Analysis of attenuation rock-physics template of tight sandstones: Reservoir microcrack prediction

Tight-sandstone gas reservoirs have low porosity and contain developed microcracks, result in the strong matrix heterogeneity. Due to the development of microcracks in tight sandstone, the relevant good connectivity is favorable to the reservoir natural gas accumulation with high gas saturation. In this paper, for the tight sandstone reservoirs in the Xujiahe formation of western Sichuan Basin, the ultrasonic measurements are performed on the tight sandstone under different confining pressures. Based on the model of double-porosity structure of intergranular pores and microcracks, we build a rock physics model for the tight sandstone reservoirs with high gas saturation, by using the double-porosity media equation (Biot-Rayleigh). The effects of the microcrack content on the dispersion and attenuation of compressional waves are analyzed.
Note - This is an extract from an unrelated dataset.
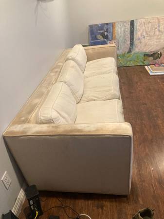 I'm moving and I need to get rid of this couch I bought at an estate sale a while back. Its quite nice, old, comfy, and large.!It has some stains on the pillows but they can be washed or covered. Free to anyone who can take it. Let me know if you have any questions.
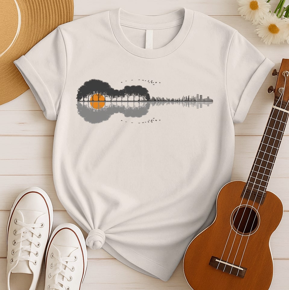 Immerse yourself in the soulful silence of music with this striking graphic design, where a forest acoustic guitar forms a serene urban soundwave art landscape. It's a peaceful statement for quiet music lovers, guitar players, and city nature enthusiasts finding harmony in their music apparel.

Based on the seismic Q, the multi-scale rock-physics template of tight sandstone is built. We estimate the attenuation of the sample and the actual reservoirs by using the spectral ratio method and the improved frequency-shift method, respectively. Then, calibrations of the templates are performed at the ultrasonic and seismic frequencies. The templates are applied to the work area to quantitatively predict the porosity and microcrack content of reservoirs by using a 2D seismic line and a 3D dataset. The results indicate that the predicted porosity and microcrack content are consistent with the well-log data and actual gas production reports of the three wells. The distributions of high-quality reservoirs are effectively predicted based on the microcrack-pore attenuation rock physics model.